In another aspect, a 7T SRAM-bit cell includes a first transistor M1, a second transistor M2, a third transistor M3, a fourth transistor M4, a fifth transistor M5, a sixth transistor M6, and a seventh transistor M7. A cross-coupled inverters component includes a first transistor inverter and a second transistor inverter. The first transistor inverter includes the first transistor M1 and the third transistor M3 and the second transistor inverter includes the second transistor M2 and the fourth transistor M4. The fifth transistor M5 is a first access transistor in electrical communication with an output Q of the first transistor inverter and the gates of the second transistor M1 and the fourth transistor M3 which are connected together. The fifth transistor M5 is also in electrical communication with a first bit line BL. The sixth transistor M6 is a second access transistor in electrical communication with an output Qb of the second transistor inverter and the gates of the first transistor M1 and the third transistor M3 which are connected together. The sixth transistor M6 is also in electrical communication with a second bit line BLB. The seventh transistor M7 connects the cross-coupled inverter component to supply voltage VDD.

In another aspect, the 7T SRAM-bit cell is configured such that during Normal mode of operation, the seventh transistor M7 is kept ON.

In another aspect, the 7T SRAM-bit cell is configured such that during the Augmented mode, the seventh transistor M7 is switched OFF such that three different data patterns are stored on nodes (Q,QB) in a dynamic fashion.

The foregoing summary is illustrative only and is not intended to be in any way limiting. In addition to the illustrative aspects, embodiments, and features described above, further aspects, embodiments, and features will become apparent by reference to the drawings and the following detailed description.

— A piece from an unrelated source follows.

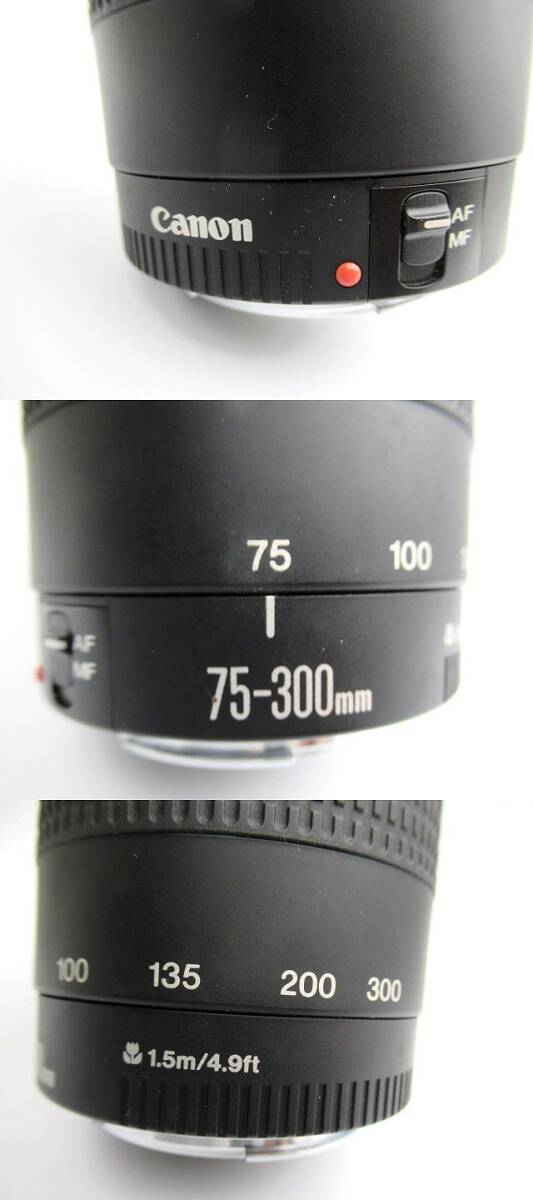 | ◇中古品◇カメラレンズ◇ キャノン canon ULTRASONIC 望遠ズームレンズ EF 75-300mm F/4-5.6 Ⅲ USM レンズフードEW-60C付き 管理番号:35272/S1 【買取品・中古品】 【内容】 キャノン canon 望遠ズームレンズ・・・1個 EF 75-300mm F/4-5.6 Ⅲ USM レンズフードEW-60C・・・1式 【状態】 中古のお品です。 細かな汚れ・小傷・レンズ内外の汚れの付着、 ラバー部分のベタ付き等がございます。 カメラにセットしての簡易動作確認は行っておりません。 店舗買取品/中古品になります。 詳しい状態は写真でご確認下さい。 ※商品の状態の説明はあくまで出品者の主観に基づいた説明です。 ※店舗保管品です。 ※新品の様な完璧な状態では御座いません。 ※ご理解頂ける方のご入札をお願い致します。 ご入札前に必ず全文をお読みになり、 お客様が十分にご納得された上でのご入札、 ノークレーム・ノーリターンでお願い致します。 入札の取消は行っておりませんのでご注意下さい。 (ご入札された時点で同意頂いたものとします) ※画像のものがすべてになります。 ※店舗保管品の為、多少のスレキズ等ある場合が御座います。 ※専門知識が無いため質問にお答えできない場合が御座います。 ※素人検品・撮影の為写真に写り切らない汚れ・キズがある場合が御座います。 ※新品の様な100%完璧な状態では御座いません。 ※念入りに検品しておりますが見落としがある場合が御座います。 ※神経質な方、完璧をお求めの方は入札をお控え下さい。 ※御理解頂ける方のご入札をお願い致します。 ※当店はまとめてお取引には対応致しません。 全て単品でのお取引となります。 ※同梱は行っておりません。 ※商品管理上、取り置きは致しませんのでご了承下さい。 | |||

BRIEF DESCRIPTION OF THE DRAWINGS

For a further understanding of the nature, objects, and advantages of the present disclosure, reference should be had to the following detailed description, read in conjunction with the following drawings, wherein like reference numerals denote like elements and wherein:

FIG. 1. 8T dual bit storage augmented bit-cell. The cell can store an SRAM-like and a DRAM-like date, simultaneously, in the augmented mode.

FIGS. 2A and 2B. (A) 6 transistor SRAM cell read SNM using SRAM bit-cell from a typical 22 nm library. (B) The read SNM for the 8 transistor augmented bit-cell. As seen the read SNM for the proposed bit-cells is similar to the library SRAM bit-cell, thereby demonstrating the asymmetry in the SRAM circuit does not drastically alter the cell stability.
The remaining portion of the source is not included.